◆ Source information:
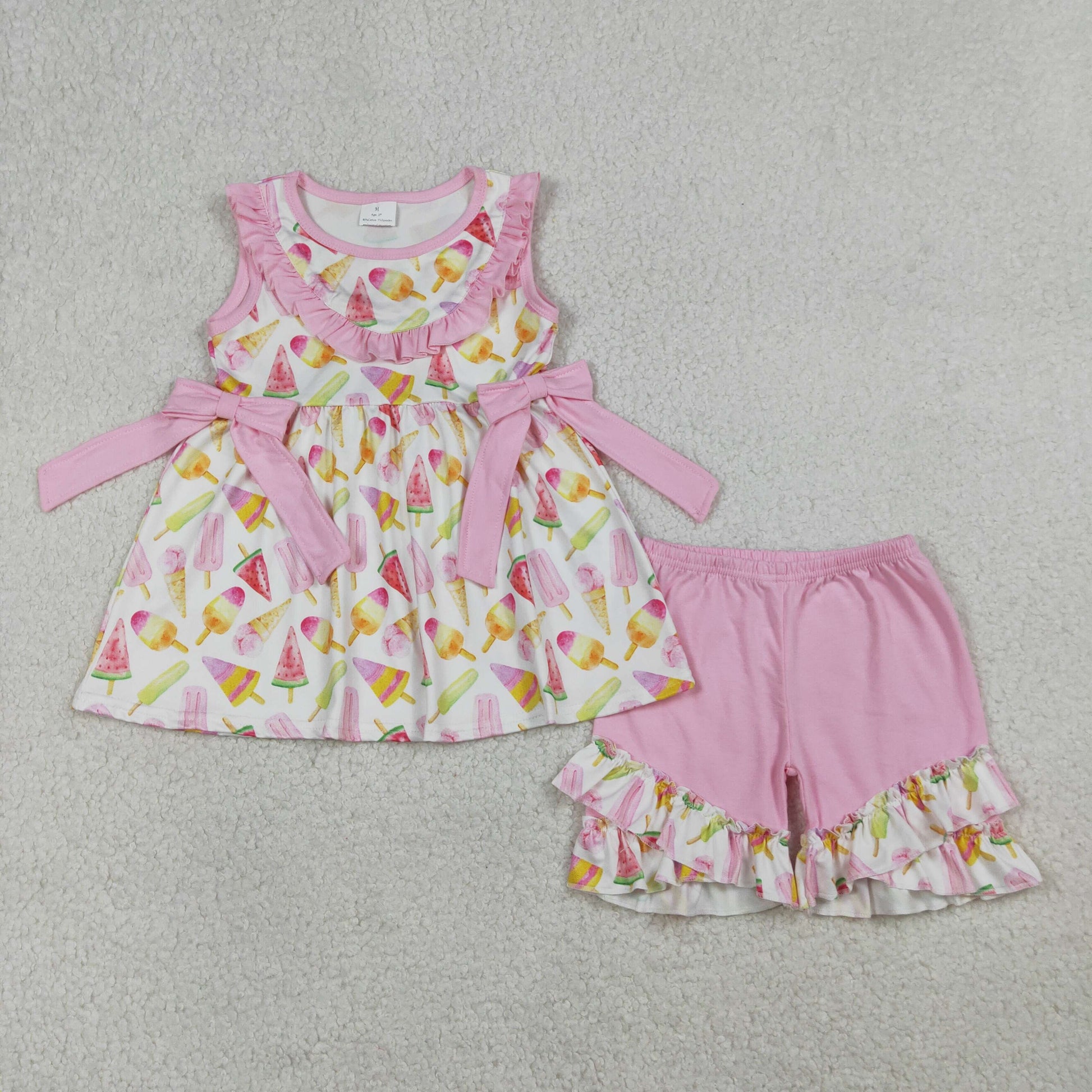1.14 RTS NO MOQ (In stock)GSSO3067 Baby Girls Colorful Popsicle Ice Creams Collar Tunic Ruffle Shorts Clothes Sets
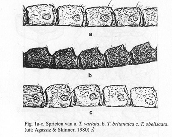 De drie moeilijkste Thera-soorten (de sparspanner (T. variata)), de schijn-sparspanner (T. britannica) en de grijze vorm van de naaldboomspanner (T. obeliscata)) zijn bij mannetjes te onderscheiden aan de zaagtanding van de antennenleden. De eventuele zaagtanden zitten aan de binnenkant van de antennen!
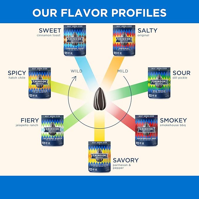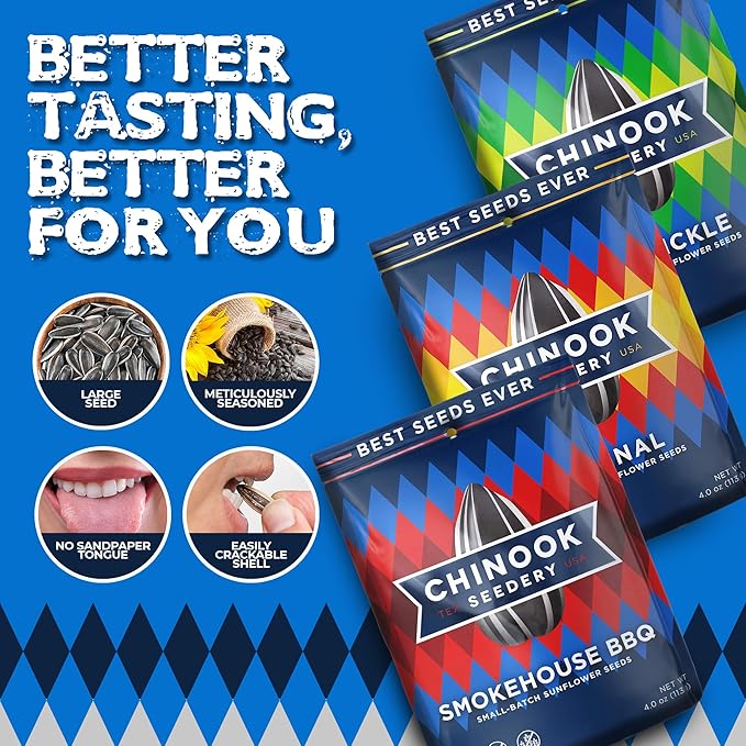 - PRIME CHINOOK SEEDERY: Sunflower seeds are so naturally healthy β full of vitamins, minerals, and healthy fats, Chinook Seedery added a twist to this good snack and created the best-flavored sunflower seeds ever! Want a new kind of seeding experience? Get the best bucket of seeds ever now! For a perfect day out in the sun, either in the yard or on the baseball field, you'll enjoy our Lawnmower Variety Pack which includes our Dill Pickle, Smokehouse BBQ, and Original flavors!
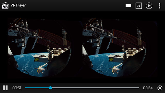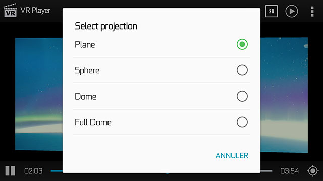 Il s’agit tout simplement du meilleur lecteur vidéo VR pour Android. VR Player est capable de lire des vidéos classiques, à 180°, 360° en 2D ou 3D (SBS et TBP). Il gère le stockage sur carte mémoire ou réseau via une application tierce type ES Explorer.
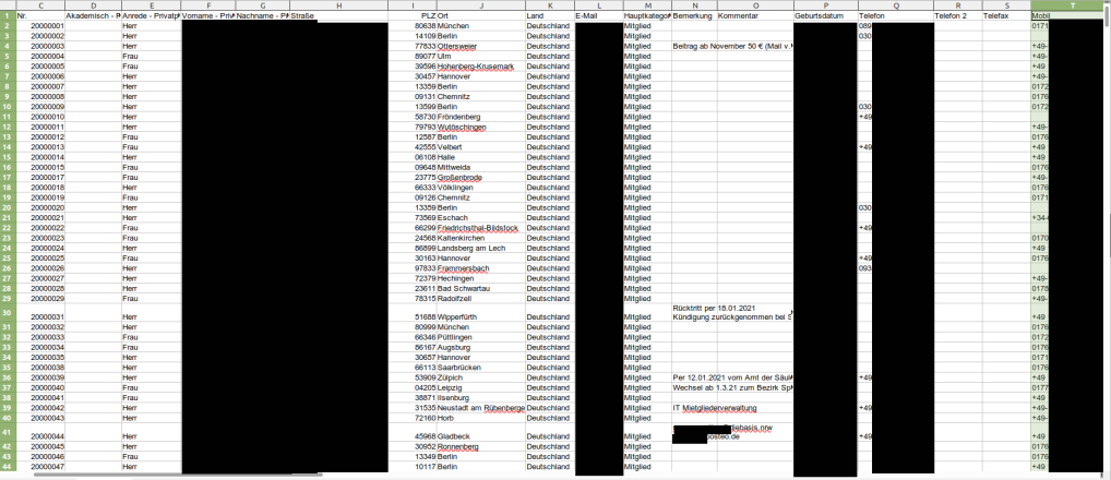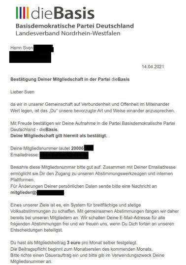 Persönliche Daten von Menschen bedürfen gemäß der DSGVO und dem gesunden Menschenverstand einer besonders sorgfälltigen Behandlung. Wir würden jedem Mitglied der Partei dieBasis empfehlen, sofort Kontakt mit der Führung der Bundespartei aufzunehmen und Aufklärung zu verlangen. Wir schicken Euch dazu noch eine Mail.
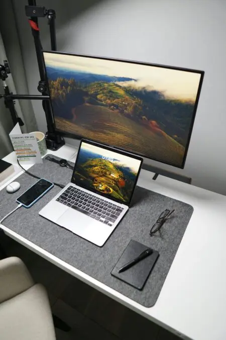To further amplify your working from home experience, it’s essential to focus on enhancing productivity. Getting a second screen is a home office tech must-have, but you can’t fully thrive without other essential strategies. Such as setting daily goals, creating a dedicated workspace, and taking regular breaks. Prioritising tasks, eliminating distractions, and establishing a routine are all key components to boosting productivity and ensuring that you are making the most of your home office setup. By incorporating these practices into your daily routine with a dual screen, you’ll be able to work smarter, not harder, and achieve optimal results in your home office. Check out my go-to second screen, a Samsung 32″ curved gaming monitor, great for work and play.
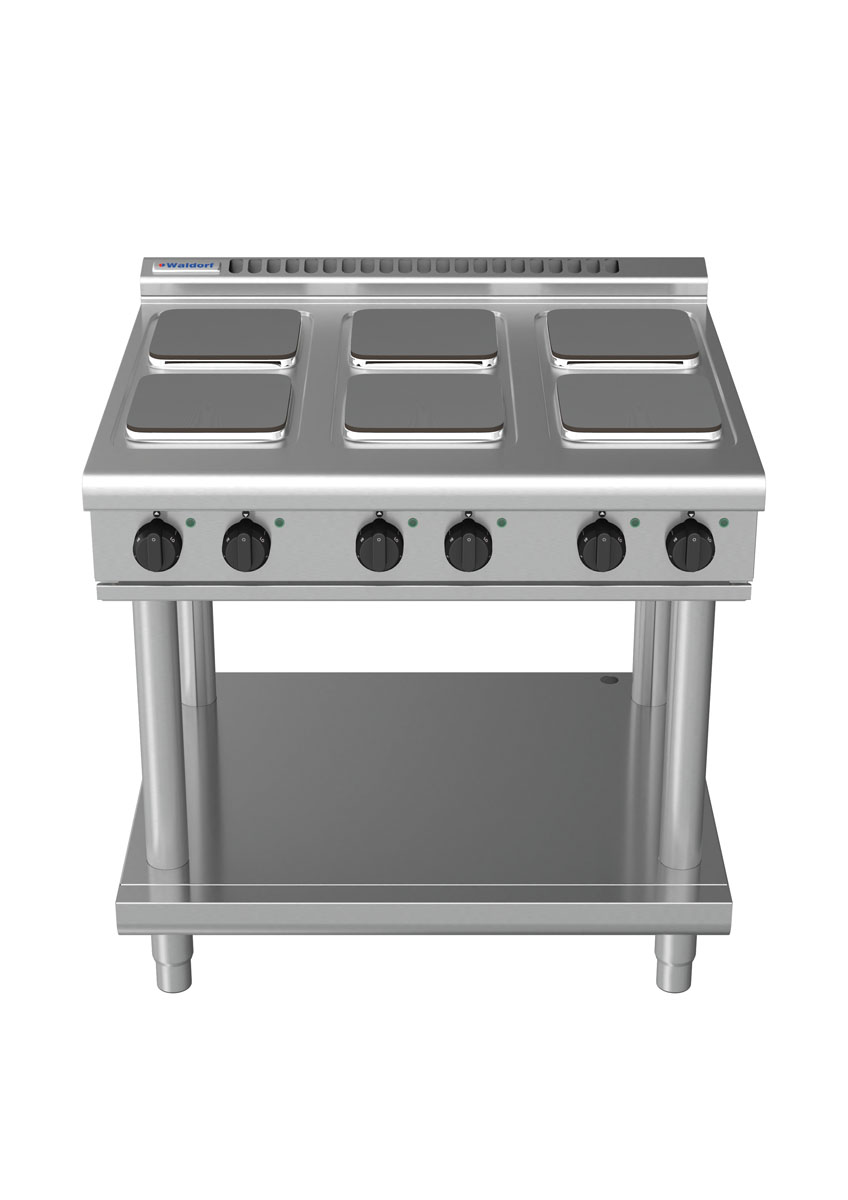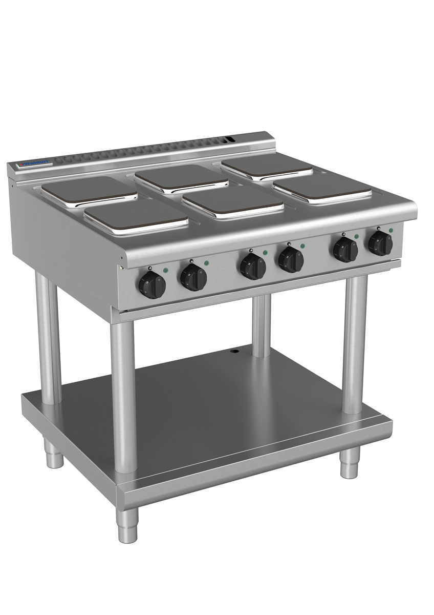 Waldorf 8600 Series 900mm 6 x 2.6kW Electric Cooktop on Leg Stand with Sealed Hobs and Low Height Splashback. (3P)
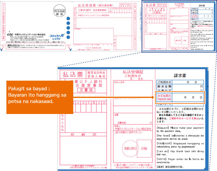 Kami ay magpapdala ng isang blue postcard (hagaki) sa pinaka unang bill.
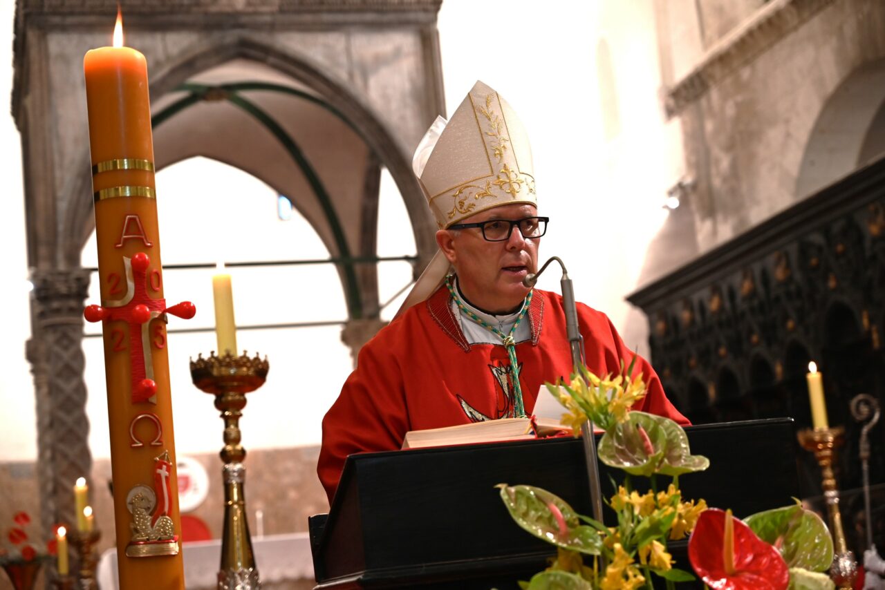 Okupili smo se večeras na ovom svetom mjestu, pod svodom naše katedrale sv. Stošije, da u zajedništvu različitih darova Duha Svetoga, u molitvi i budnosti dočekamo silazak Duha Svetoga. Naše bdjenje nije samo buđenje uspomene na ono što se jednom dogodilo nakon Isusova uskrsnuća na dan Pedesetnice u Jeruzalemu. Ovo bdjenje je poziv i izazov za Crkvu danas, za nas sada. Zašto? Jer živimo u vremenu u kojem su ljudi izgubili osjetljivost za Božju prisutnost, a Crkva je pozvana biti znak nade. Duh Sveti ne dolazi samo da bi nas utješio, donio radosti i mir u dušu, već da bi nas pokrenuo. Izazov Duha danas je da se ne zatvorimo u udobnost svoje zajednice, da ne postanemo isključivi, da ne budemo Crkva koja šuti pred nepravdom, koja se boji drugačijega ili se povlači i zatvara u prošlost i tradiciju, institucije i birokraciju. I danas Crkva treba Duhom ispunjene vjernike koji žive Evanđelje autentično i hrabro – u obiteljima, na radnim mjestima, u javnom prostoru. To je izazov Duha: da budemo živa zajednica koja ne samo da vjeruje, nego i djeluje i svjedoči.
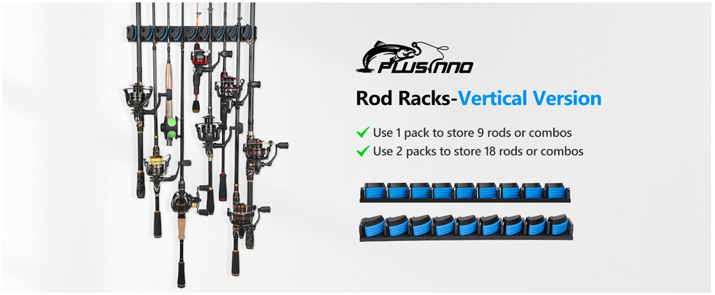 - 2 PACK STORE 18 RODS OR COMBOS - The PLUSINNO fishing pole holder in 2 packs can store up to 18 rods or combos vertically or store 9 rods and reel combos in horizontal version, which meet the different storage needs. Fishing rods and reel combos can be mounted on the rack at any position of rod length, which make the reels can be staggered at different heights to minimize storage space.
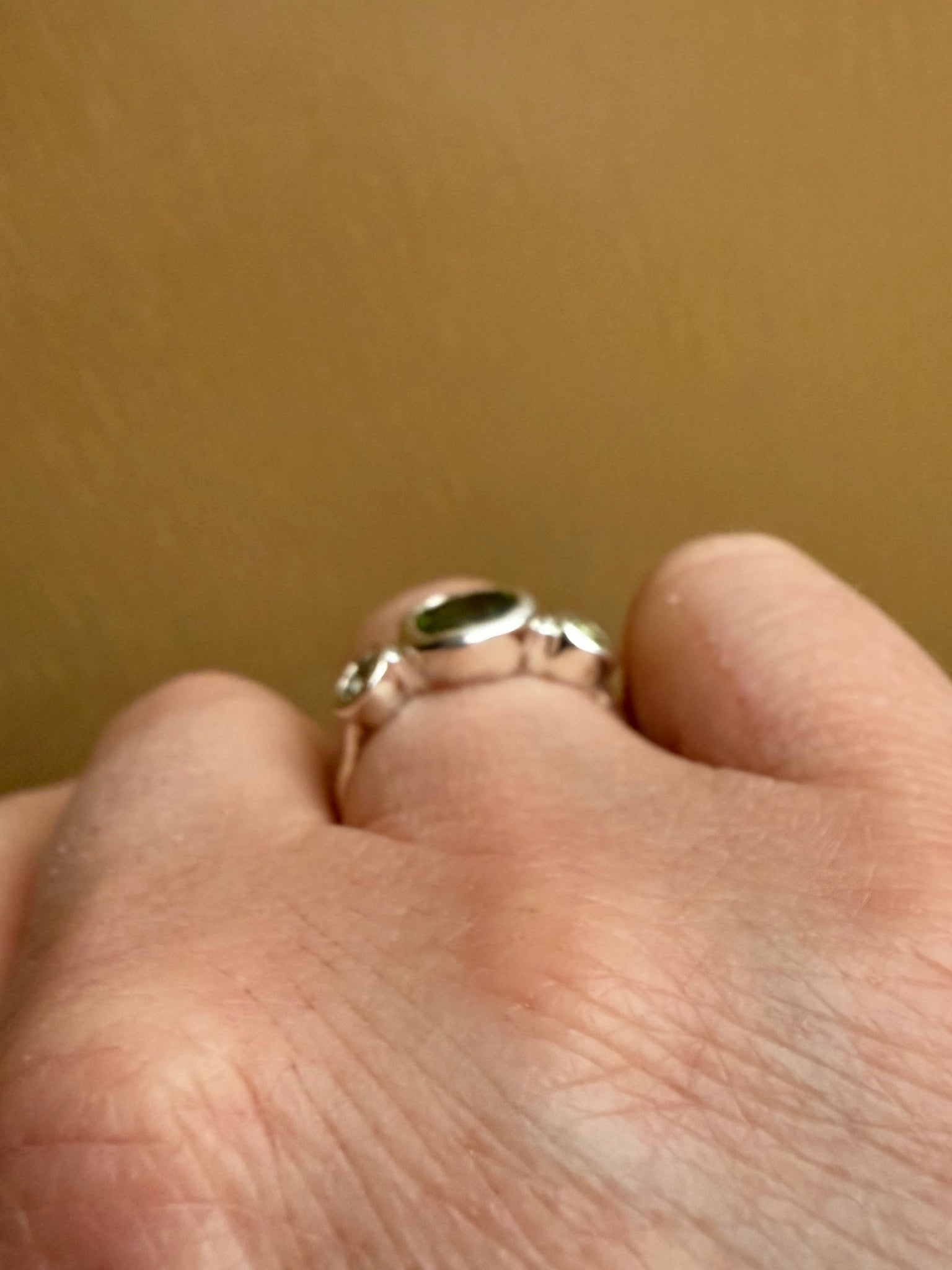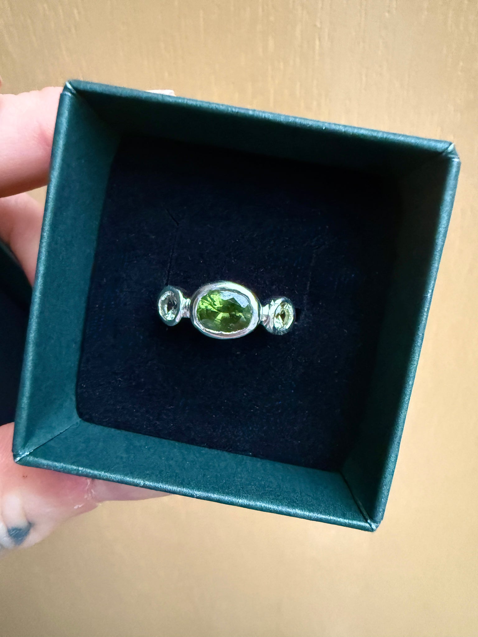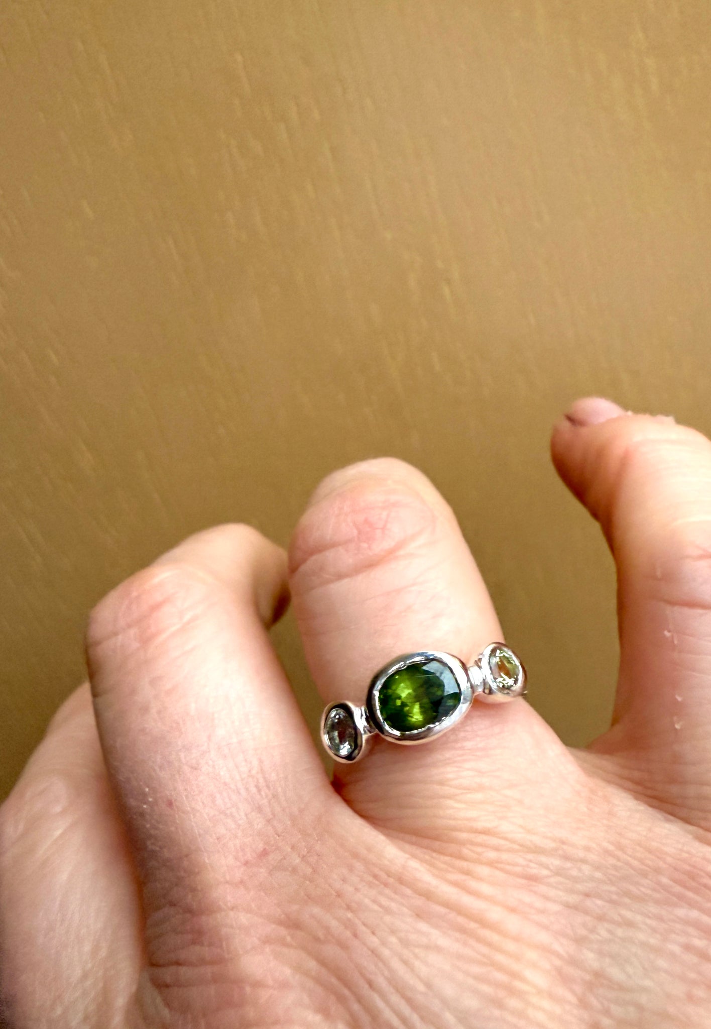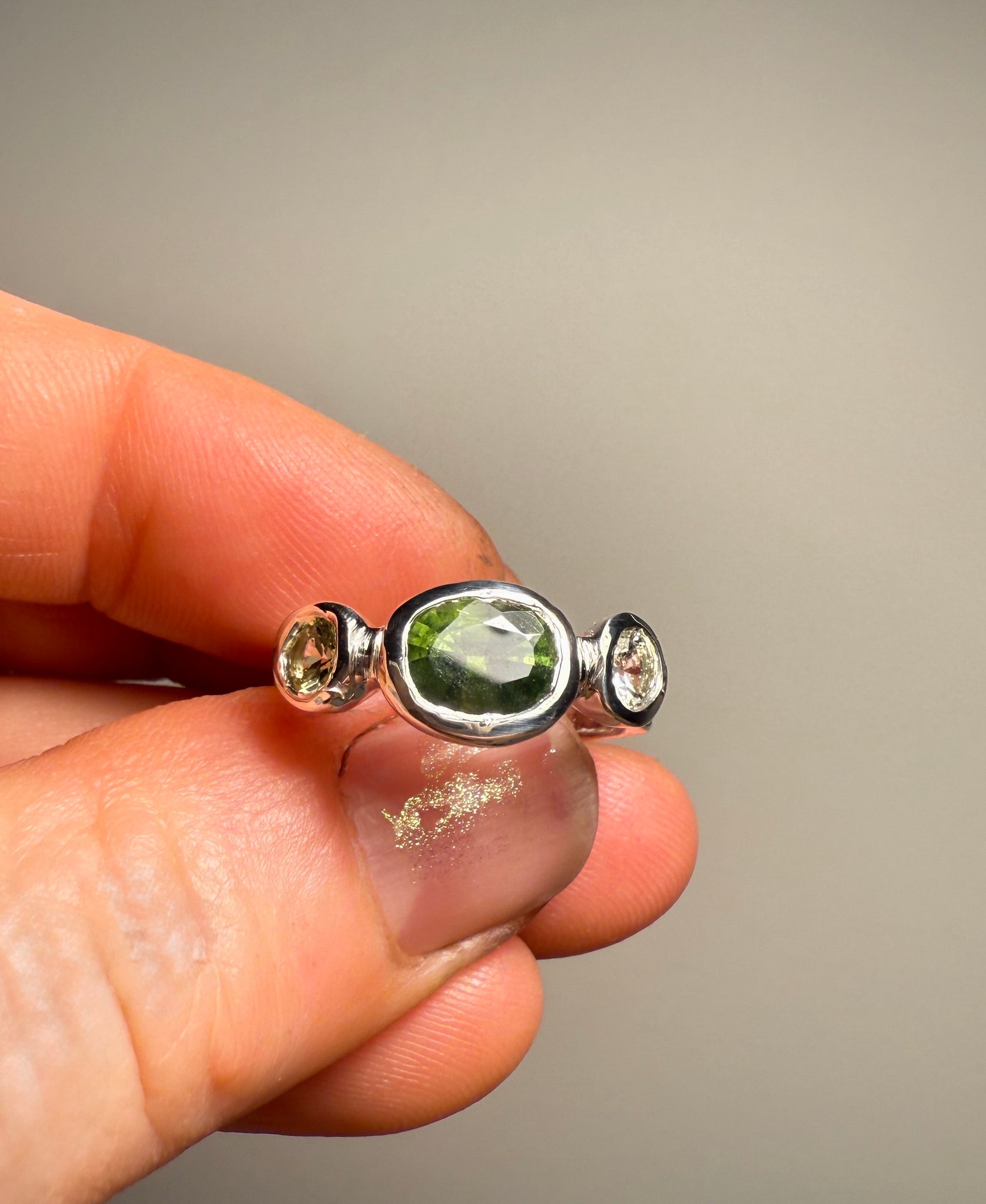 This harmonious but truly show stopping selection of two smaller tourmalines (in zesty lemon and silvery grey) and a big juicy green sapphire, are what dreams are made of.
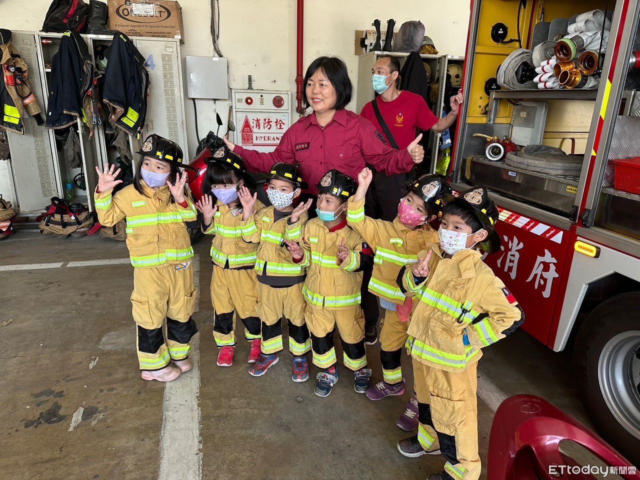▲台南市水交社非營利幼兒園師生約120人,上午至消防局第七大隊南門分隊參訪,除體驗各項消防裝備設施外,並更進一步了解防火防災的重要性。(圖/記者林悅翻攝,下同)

◆ Exercise prompt: Print exactly the lines above that run from the one with "To further amplify" down to the one with "Kami ay magpapdala", and omit the pictures.

◆ Response to the task:
To further amplify your working from home experience, it’s essential to focus on enhancing productivity. Getting a second screen is a home office tech must-have, but you can’t fully thrive without other essential strategies. Such as setting daily goals, creating a dedicated workspace, and taking regular breaks. Prioritising tasks, eliminating distractions, and establishing a routine are all key components to boosting productivity and ensuring that you are making the most of your home office setup. By incorporating these practices into your daily routine with a dual screen, you’ll be able to work smarter, not harder, and achieve optimal results in your home office. Check out my go-to second screen, a Samsung 32″ curved gaming monitor, great for work and play.
 Waldorf 8600 Series 900mm 6 x 2.6kW Electric Cooktop on Leg Stand with Sealed Hobs and Low Height Splashback. (3P)
 Kami ay magpapdala ng isang blue postcard (hagaki) sa pinaka unang bill.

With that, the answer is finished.